Set down, exactly and only, everything from the line containing "This elegant wedding" down to the line containing "ECOFRIENDS garment, contains" in the data below; the pictures are not part of the copy.

___ DATA EXTRACTS

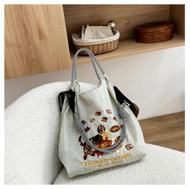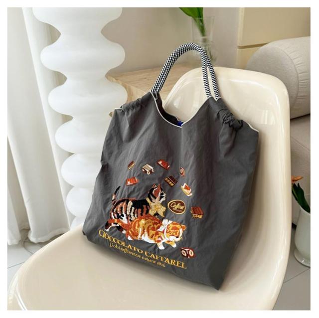 大きめ 猫 エコバッグ 肩掛け A4 刺繍 手提げバッグ ナイロン ショッピングバッグ 刺繍バッグ 動物 花柄 軽量 通勤 折りたたみ 買い物 刺繍 おしゃれ サブバック かわいい アニマル刺繍 トートバック 可愛い 鞄 プレゼント ギフト トートバッグ 送料無料
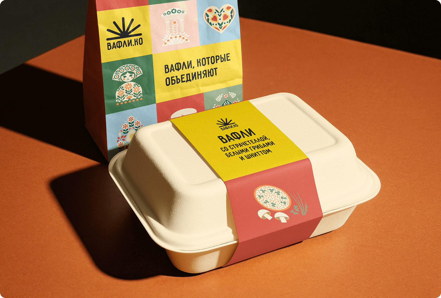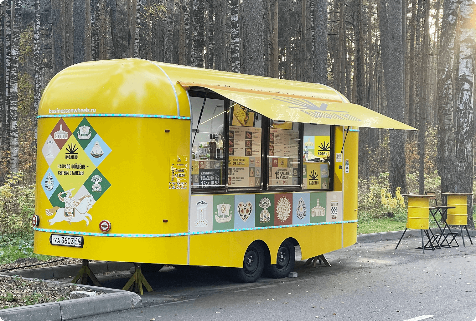 В итоге мы получили яркий, тёплый и визуально узнаваемый стиль. Он не копирует готовые решения, не уходит в лубок, но чётко встроен в контекст города. Бренд «Вафлико» уже узнают на улицах, у него формируется своя аудитория, а визуальный язык успешно реализован на ключевых носителях — от меню и оформления фудтрака до упаковки и фирменной коммуникации. Айдентика заложена как масштабируемая система, готовая к развитию и росту бренда в будущем.
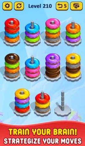 1、游戏可以完成新的甜甜圈堆叠挑战,挑战多达100个不同的关卡。
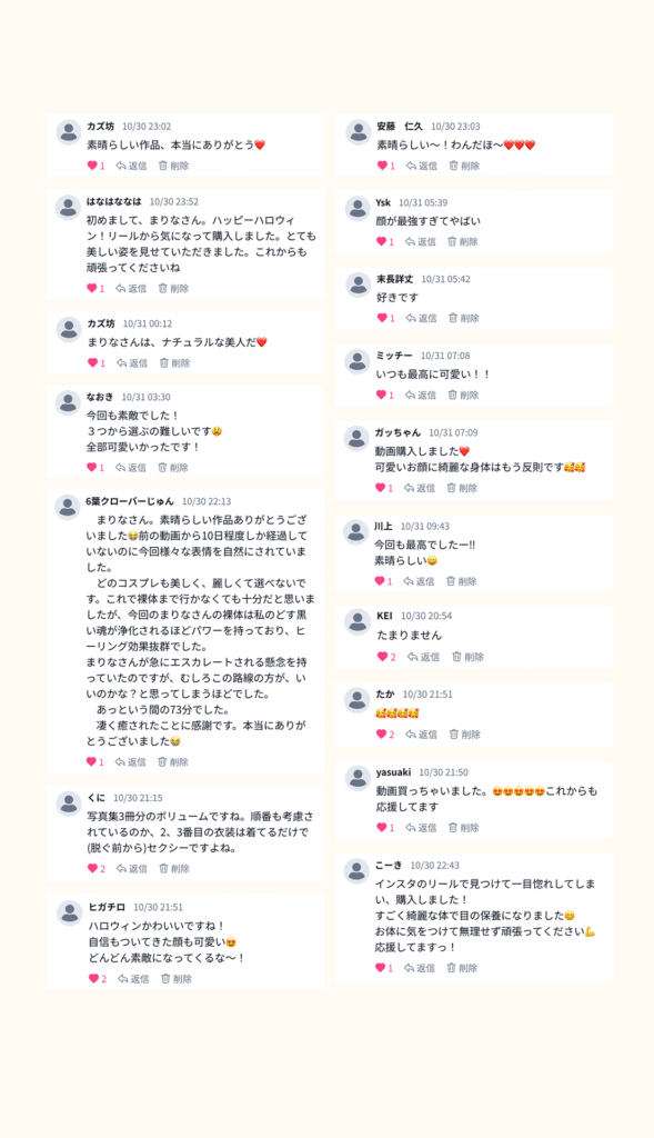 今回も感想の通知が鳴り止まなかったと思います。それでも、まりなさんが私を含めたくさんのファンのコメントに一つづつ丁寧にコメントされる—本当に嬉しいですし、まりなさんの優しさを感じます。
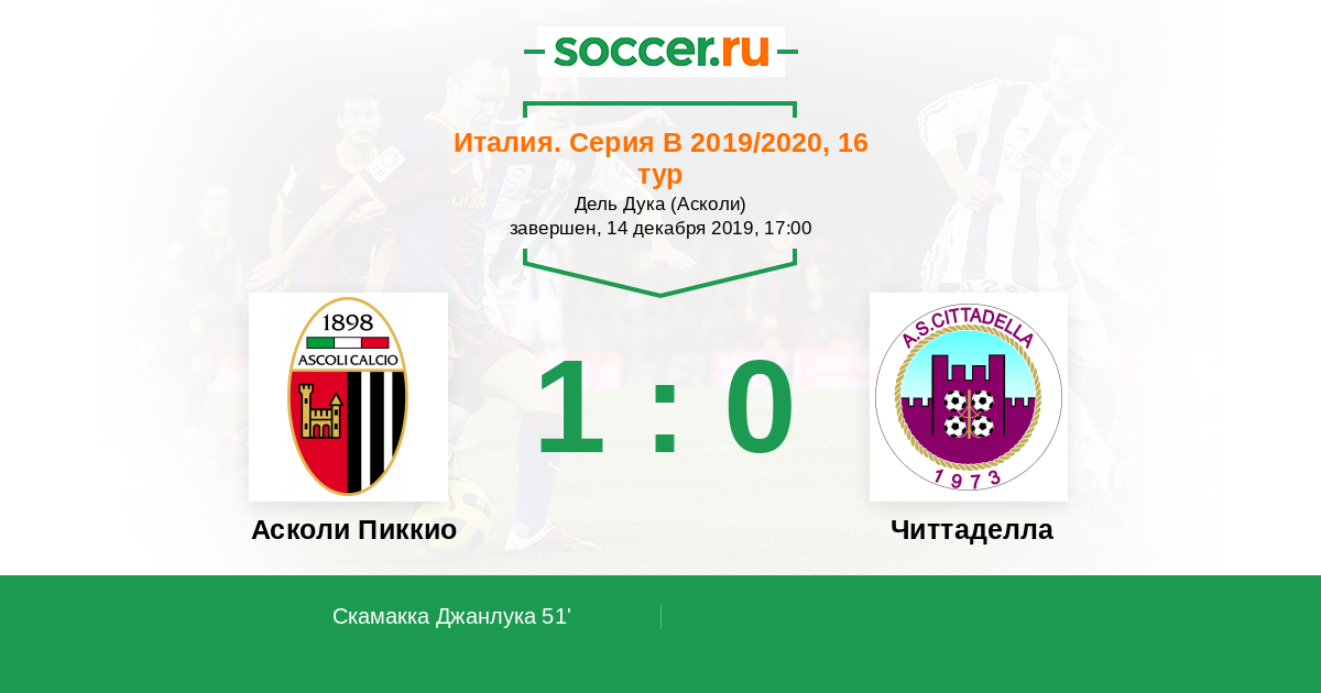 51' (1:0) Скамакка Джанлука (9) (Ардеманьи Маттео (32))
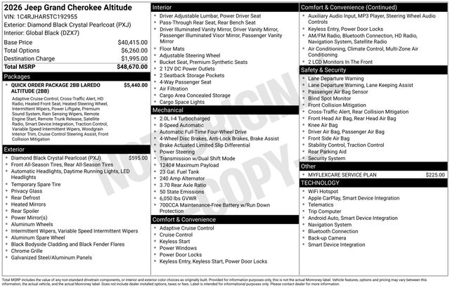 Check out all the standard equipment Laredo Altitude Appearance Package, Quick Order Package 2BB Laredo Altitude (115V Auxiliary Power Outlet, 12.3" Touchscreen Display, 240 Amp Alternator, 4G LTE Wi-Fi Hot Spot, Active Driving Assist System, Active Noise Control System, an-Teak/Satin Chrome Interior Accents, Apple CarPlay, Black Headliner, Body Color Door Handles (B), Capri Leatherette/Suede Seats, Connected Travel and Traffic Services, Connectivity - US/Canada, Delete Laredo Badge, Disassociated Touchscreen Display, Dual Exhaust Tips, Exterior Accents Dark Neutral Metallic, For Details, Visit DriveUconnect.com, Front Fascia Upper A, Global Telematics Box Module (TBM), Google Android Auto, GPS Antenna Input, GPS Navigation, HD Radio, Heated Front Seats, Heated Steering Wheel, Heavy-Duty Engine Cooling, Integrated Center Stack Radio, Integrated Voice Command with Bluetooth, Intersection Collision Assist System, Power Liftgate, Radio: Uconnect 5 Nav with 12.3" Display, Rain Sensitive Windshield Wipers, Rear Fascia Upper A, Remote Start System, Secondary Active Grille Shutters, Selec-Terrain System, Selectable Tire Fill Alert, SiriusXM with 360L, Traffic Sign Recognition, USB Host Flip, Wheels: 18" x 8.0" Fully Painted Aluminum 1, and Wireless Charging Pad), 4WD, 4-Wheel Disc Brakes, 6 Speakers, ABS brakes, Air Conditioning, Alloy wheels, AM/FM radio: SiriusXM, Anti-whiplash front head restraints, AppLink/Apple CarPlay and Android Auto, Automatic temperature control, Auxiliary Battery, Brake assist, Bumpers: body-color, Cloth Seats, Compass, Delay-off headlights, Driver door bin, Driver vanity mirror, Dual front impact airbags, Dual front side impact airbags, Electronic Stability Control, Emergency communication system, Four wheel independent suspension, Front anti-roll bar, Front Bucket Seats, Front Center Armrest w/Storage, Front dual zone A/C, Front reading lights, Fully automatic headlights, Gloss Black Exterior Mirrors, Heated door mirrors, Heated Exterior Mirrors, Illuminated entry, Knee airbag, Low tire pressure warning, Manual Folding Exterior Mirrors, MyFlexCare Service Plan, Normal Duty Suspension, Occupant sensing airbag, Outside temperature display, Overhead airbag, Overhead console, Panic alarm, ParkView Rear Back-Up Camera, Passenger door bin, Passenger vanity mirror, Power door mirrors, Power driver seat, Power steering, Power windows, Radio data system, Radio: Uconnect 5 with 8.4" Display, Rear anti-roll bar, Rear reading lights, Rear window defroster, Rear window wiper, Remote keyless entry, Security system, Speed control, Speed-Sensitive Wipers, Split folding rear seat, Spoiler, Steering wheel mounted audio controls, Tachometer, Telescoping steering wheel, Tilt steering wheel, Traction control, Trip computer, Variably intermittent wipers, Voltmeter, and Wheels: 18" x 8.0" Fully Painted Alum Price includes: $1000 - 2026 National Stellantis Loyalty Bonus Cash . Exp. 03/31/2026 $2000 - 2026 National SFS Lease Loyalty Bonus C
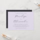 This elegant wedding invitation features a sophisticated and timeless design with an understated lavender background. The typography is gracefully scripted, adding a touch of elegance and formality to the overall look. The minimalist color palette creates a serene and refined mood, perfect for a classic celebration. Ideal for couples seeking a chic and polished aesthetic, this invitation sets the tone for an unforgettable evening filled with love and joy. Personalize it effortlessly to reflect your special day's details.
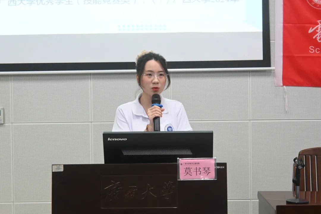 莫书琴同学在进行经验分享
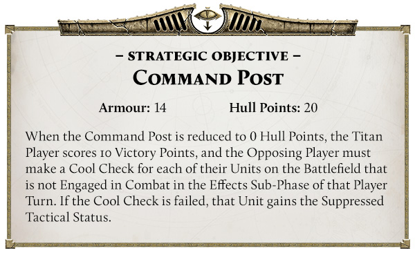 In War of Gods, both players can bring Titans and blast away while earning points by targeting off-board Strategic Objectives like command posts and defense grids. These objectives have their own armor and hull values and give out bonuses or cause debuffs based on what happens to them. For instance, destroying a command post suppresses nearby enemy units.
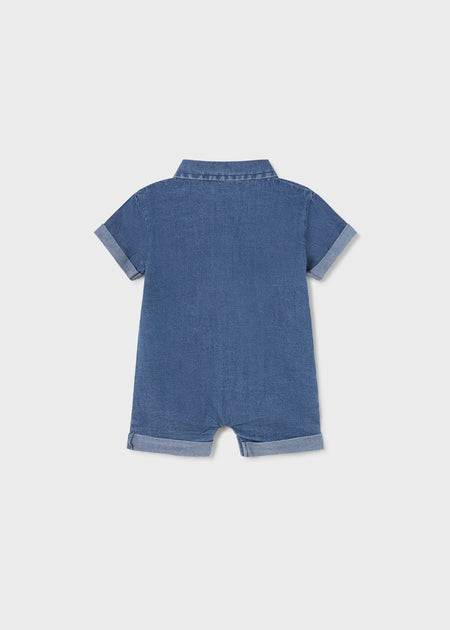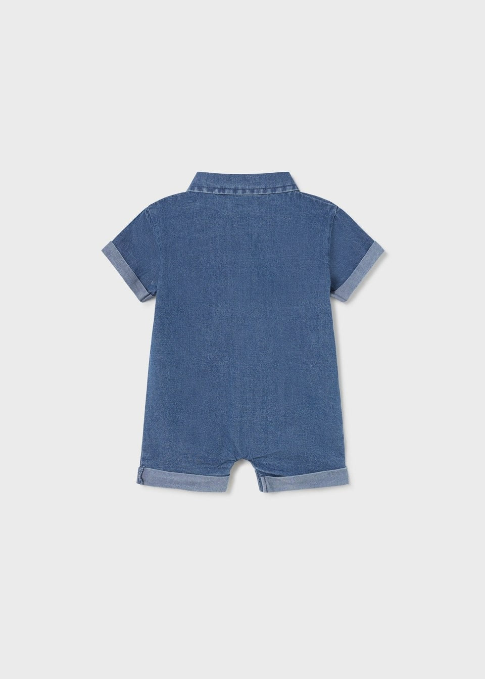 ECOFRIENDS garment, contains sustainable cotton Short sleeved One-Piece for newborn. Shirt collar. Snap button closure at crotch for easy putting on and taking off. Button fastenings down the front. Elastic, adaptable fabric for maximum comfort.
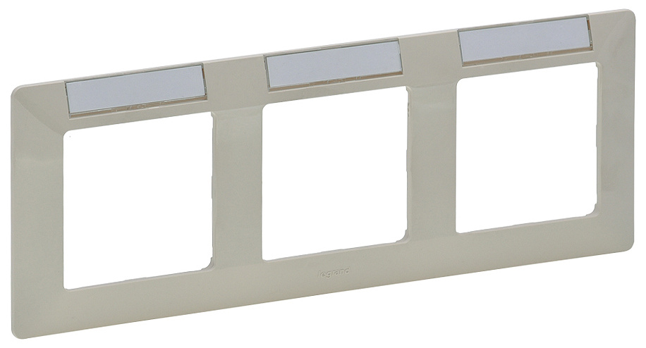 Rámeček trojnásobný s držákem štítků (vodorovná montáž), v béžové barvě.
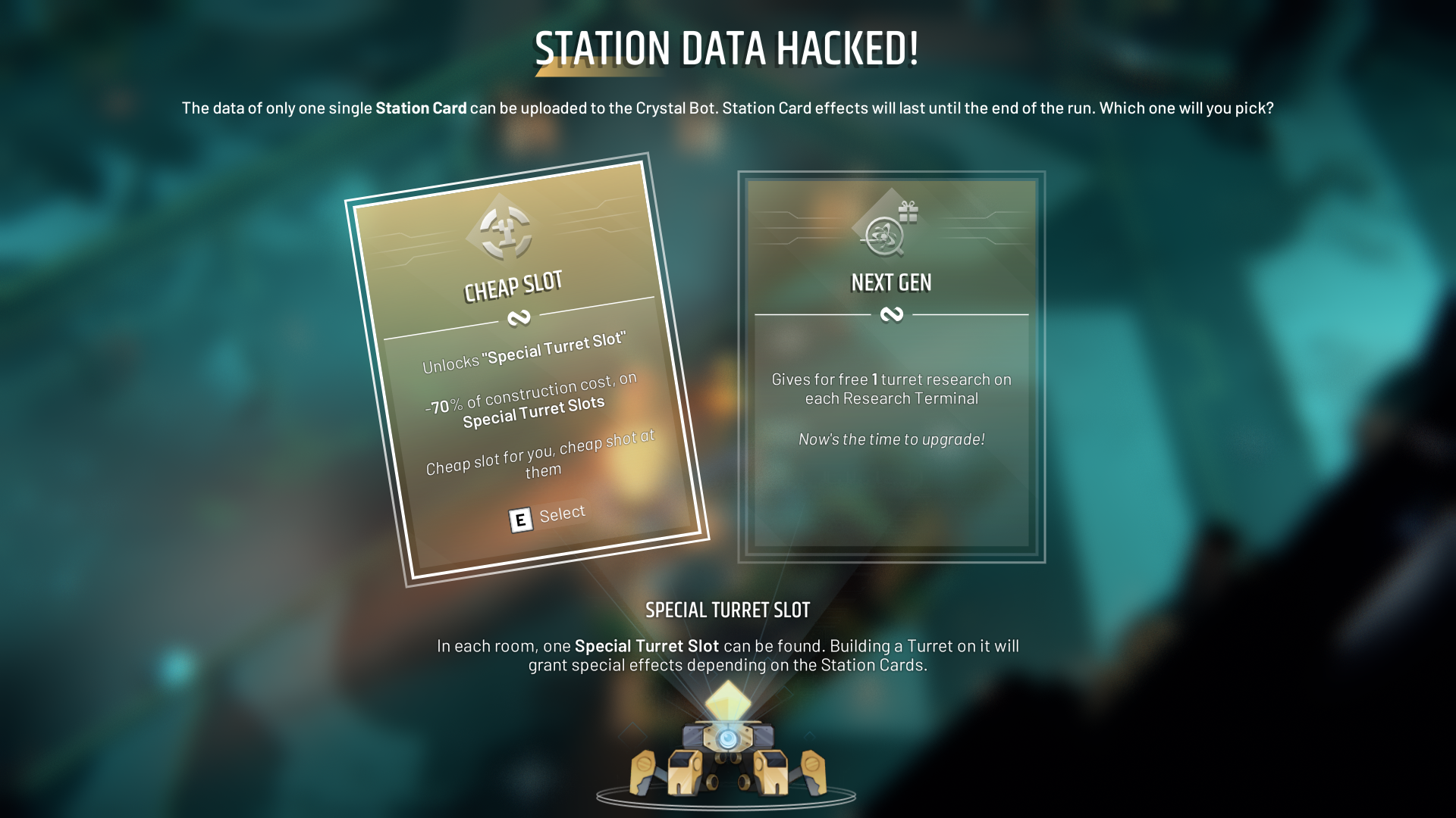 When entering a new district, the Crystal Bot will offer 2 cards (and then 3 with an Improvement at the Workshop). You must pick one at no cost to yourself. These effects are positive, and the chosen effects then stay active for the rest of the run and will synergize with others to create powerful effects.- This will be automatically unlocked when going back to the saloon after having unlocked Comrade’s Workshop (if you have this already then it will be automatically unlocked for you)

______

ANSWER TO THE PROBLEM -
 This elegant wedding invitation features a sophisticated and timeless design with an understated lavender background. The typography is gracefully scripted, adding a touch of elegance and formality to the overall look. The minimalist color palette creates a serene and refined mood, perfect for a classic celebration. Ideal for couples seeking a chic and polished aesthetic, this invitation sets the tone for an unforgettable evening filled with love and joy. Personalize it effortlessly to reflect your special day's details.
 莫书琴同学在进行经验分享
 In War of Gods, both players can bring Titans and blast away while earning points by targeting off-board Strategic Objectives like command posts and defense grids. These objectives have their own armor and hull values and give out bonuses or cause debuffs based on what happens to them. For instance, destroying a command post suppresses nearby enemy units.
 ECOFRIENDS garment, contains sustainable cotton Short sleeved One-Piece for newborn. Shirt collar. Snap button closure at crotch for easy putting on and taking off. Button fastenings down the front. Elastic, adaptable fabric for maximum comfort.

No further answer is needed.